Siyah saçlarında dolaşan ellerim okşadığı tutamlara aşıktı. Dalgalarına dalga katarak içime deniz kokusunu çektim. Kalbime ulaşan sevgisiyle huzur doldum. Sanki hiç bir şey olmamıştı. Onca sorun yok olup gitmişti. Gökten zembille inip beni bulan meleğimle çok mutluydum. Kara gözlerinde bütün eksik parçalarımı bulmuştum. Her şeyim olması çok doğaldı. Hiç bırakmak istemediğim sevgilim yanımdaydı. Başka bir şey istemiyordum zaten. Hep böyle kalmak yegâne dileğimdi. Zaman dursun da böyle kalalım istedim. Saçlarından ellerimi çekip yüzüne koydum.

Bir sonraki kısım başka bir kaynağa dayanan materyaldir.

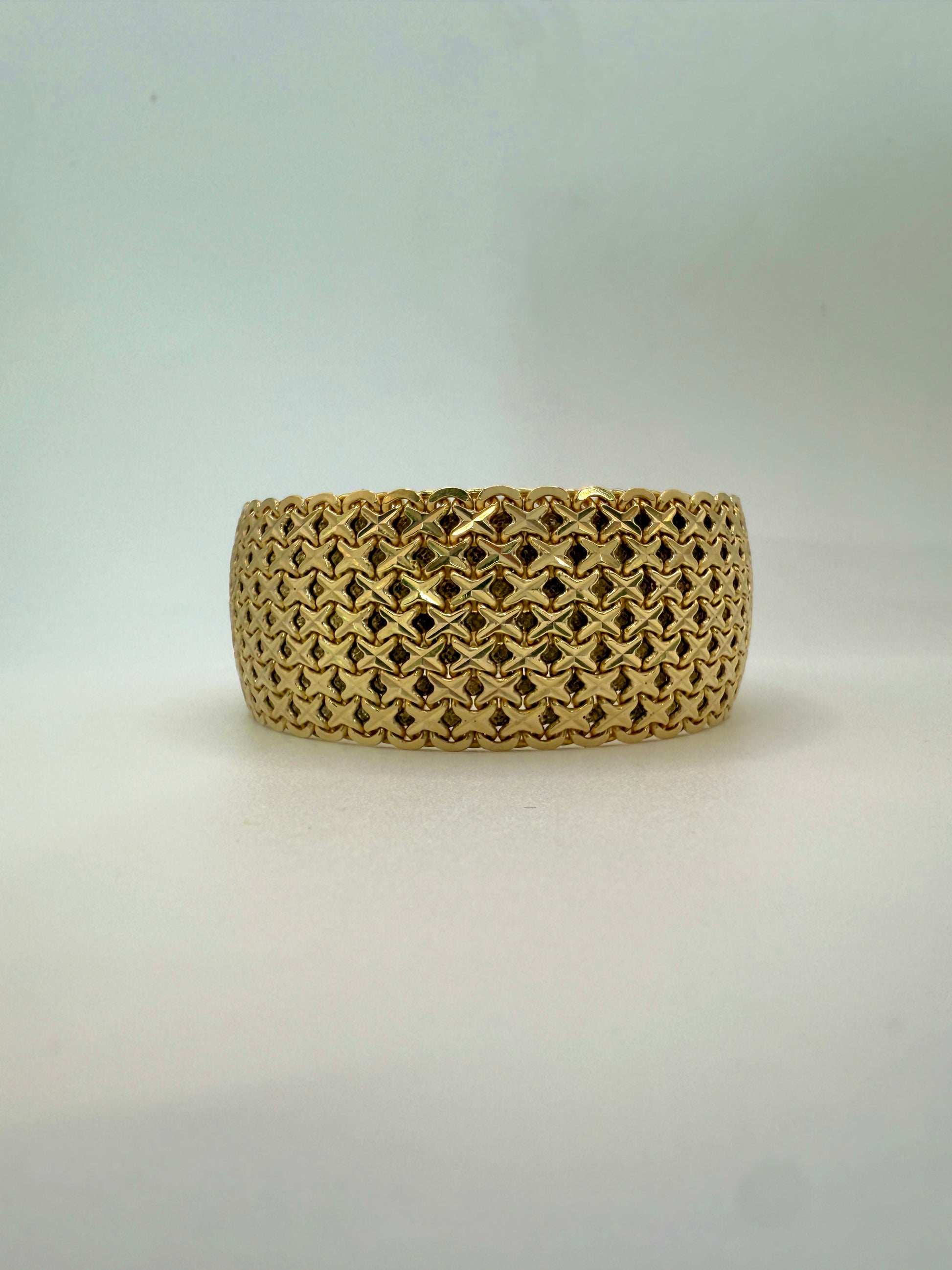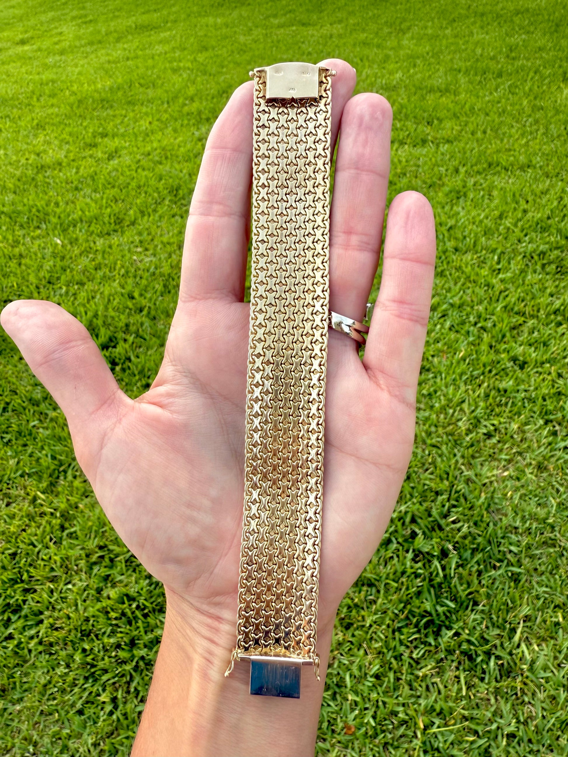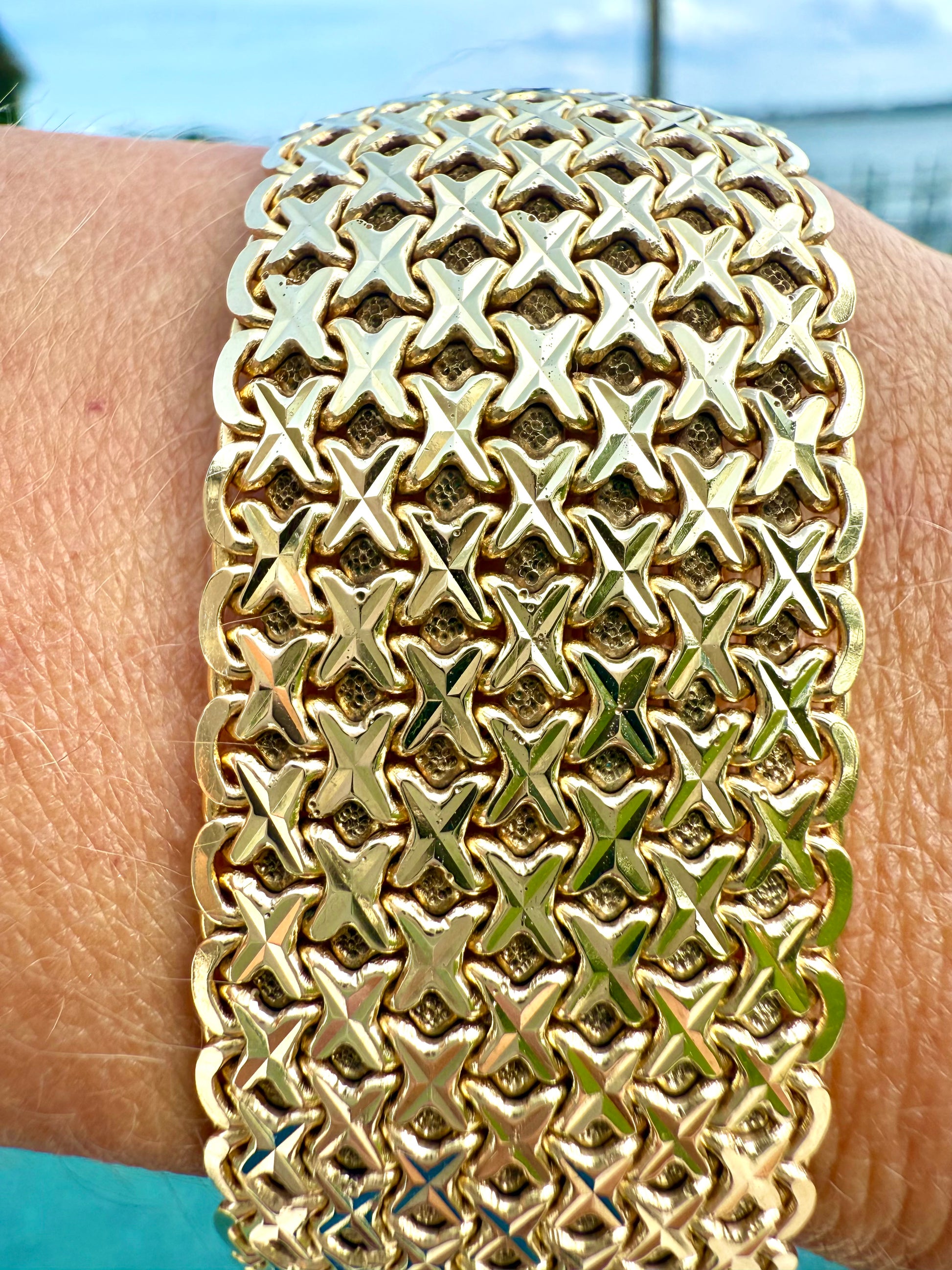 This bracelet is a heavy hitter . She weighs 64 grams of 14k Italian-made , beautifully crafted gold. Close examination of the bracelet reveals a stunning XO link pattern. The inside dimension is 6.75” and the width is 1” . This bracelet is very substantial, its slightly flexible has a slight dome appearance.

Karanlık gecede gözlerine baktım en derinlerini görmeye çalışarak. Heyecan ve sevgiyle parlayan gözleri hayat veriyordu bana. Tam da dedikleri gibi. Hani derler ya kelebek görse ömrü uzar diye aynen öyleydi. Gözlerime bakarken kısık sesle şarkı mırıldanmaya başladı. Sanki biri duyacaktı. Sesi büyüleyiciydi. Tok tınısı buğuluydu.
"Benim küçük sevgilim
Sen bana neler yaptın
Böldün parça parça
Onlar bilmez onlar bilmez
Bakarlar yüzüme
Sanki yoksun gibi
Sanki yalanmışız gibiBenim küçük sevgilim
Sen bana neler yaptın
Kırdın defalarca
Onlar bilmez onlar bilmez
Vururlar yüzüme
Sanki yoksun gibi
Sanki yalanmışız gibiBenim küçük sevgilim
Ben sana neler yaptım
Kızdım sayfalarca
Onlar bilmez onlar bilmez
Yakarlar canımı
Sanki yoksun gibi
Sanki yalanmışız gibiBenim küçük sevgilim
Sanki yalanmış gibi
Benim küçük sevgilim
Sanki masalmış gibi..."Gözlerimden bir an bile ayrılmayan gözleri dolu doluydu. Kötü bir şeyin habercisi gibiydi. Yaşlı gözlerinin anlatmak istediği şeyleri anlayamasam da içime korku salmıştı. Onu kaybetme korkusu ile yanarken benim de gözlerim yaşardı. Akan bir damlayı dudakları ile yakaladı elmacık kemiğimde. Gülümsemeye çalışırken dudaklarımı da öptü. Öpücüğü her şeyi unutturan bir tad bırakırken kollarım boynunda yerini almıştı. Sarılarak öpüşmemiz biraz daha derinleşirken kollarımdan sarsılmamla gözlerim açıldı. Karşımda benim gözlerimden daha koyu bir çift kahverengi göz görünce biraz daha hızlandı yaşlarım. Bana doğru eğilmiş bir halde kollarımdan tutmuştu. Biraz doğrulup gerilemesini sağladım. Kollarımı da bırakmıştı. Ağlamaya devam ederken en kötü bakışlarım Ulaş'ın üstündeydi. Nefret dolu gözlerimden akan yaşlar ise Anıl içindi. Acaba neredeydi? Nasıldı? Canı yanmış mıydı?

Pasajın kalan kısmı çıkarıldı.